──────── DATA FOR REVIEW ────────

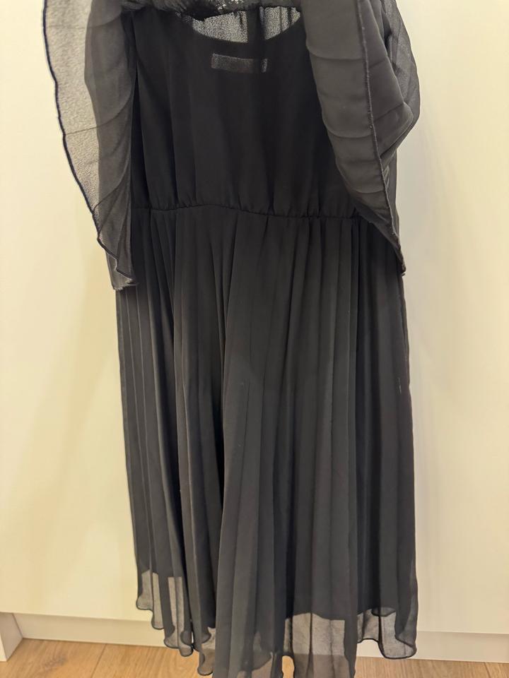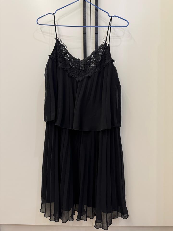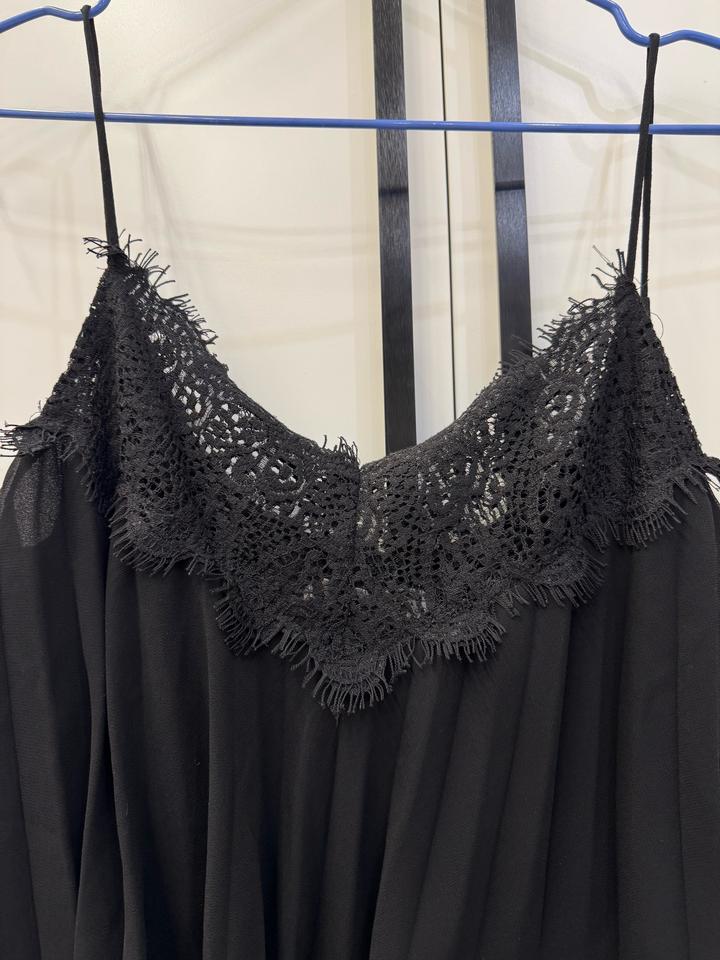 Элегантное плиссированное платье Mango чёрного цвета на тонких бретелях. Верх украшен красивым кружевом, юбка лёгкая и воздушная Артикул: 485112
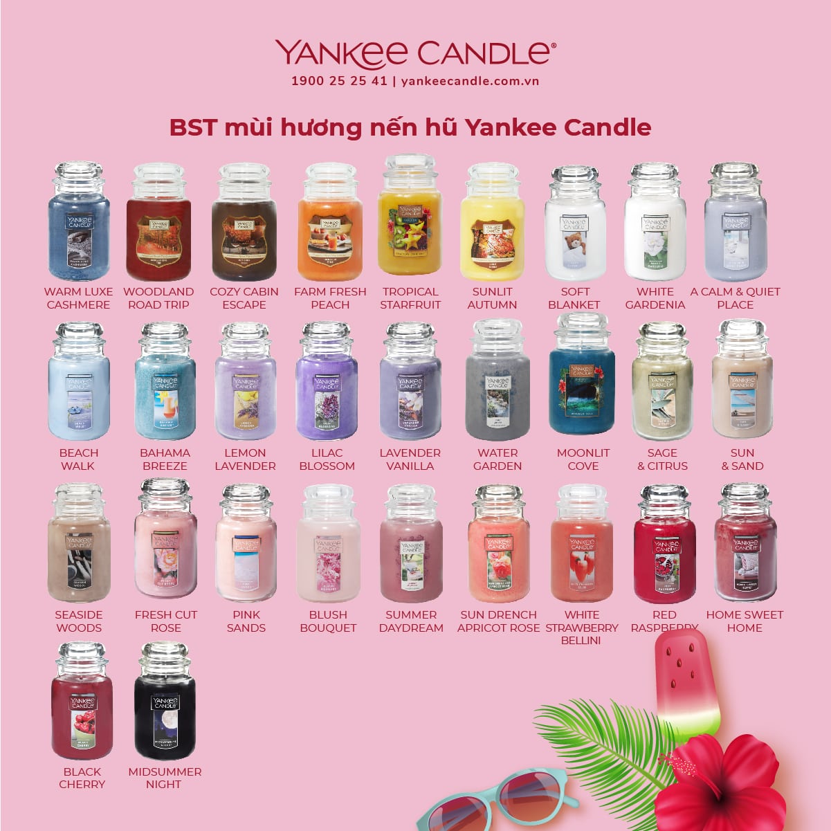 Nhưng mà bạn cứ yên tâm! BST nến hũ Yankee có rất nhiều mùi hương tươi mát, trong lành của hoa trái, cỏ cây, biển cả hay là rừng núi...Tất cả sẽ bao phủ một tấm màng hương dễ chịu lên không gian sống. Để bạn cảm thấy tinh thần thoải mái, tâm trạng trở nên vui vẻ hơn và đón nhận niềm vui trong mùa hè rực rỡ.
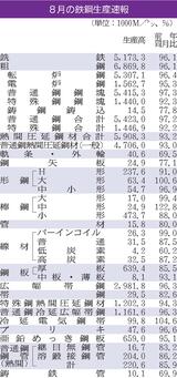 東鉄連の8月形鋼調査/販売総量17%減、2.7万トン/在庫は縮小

────────
──────── DATA FOR REVIEW ────────

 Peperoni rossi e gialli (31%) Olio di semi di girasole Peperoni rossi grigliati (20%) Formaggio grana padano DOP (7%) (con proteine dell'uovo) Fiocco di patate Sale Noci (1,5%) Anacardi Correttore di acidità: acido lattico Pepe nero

────────

▶ THE TASK
From the listing above, restate verbatim the lines running from the one with "Элегантное плиссированное платье" through the one with "東鉄連の8月形鋼調査/販売総量17%減、2.7万トン/在庫は縮小", inclusive, but not the pictures.

▶ ANSWER BELOW
 Элегантное плиссированное платье Mango чёрного цвета на тонких бретелях. Верх украшен красивым кружевом, юбка лёгкая и воздушная Артикул: 485112
 Nhưng mà bạn cứ yên tâm! BST nến hũ Yankee có rất nhiều mùi hương tươi mát, trong lành của hoa trái, cỏ cây, biển cả hay là rừng núi...Tất cả sẽ bao phủ một tấm màng hương dễ chịu lên không gian sống. Để bạn cảm thấy tinh thần thoải mái, tâm trạng trở nên vui vẻ hơn và đón nhận niềm vui trong mùa hè rực rỡ.
 東鉄連の8月形鋼調査/販売総量17%減、2.7万トン/在庫は縮小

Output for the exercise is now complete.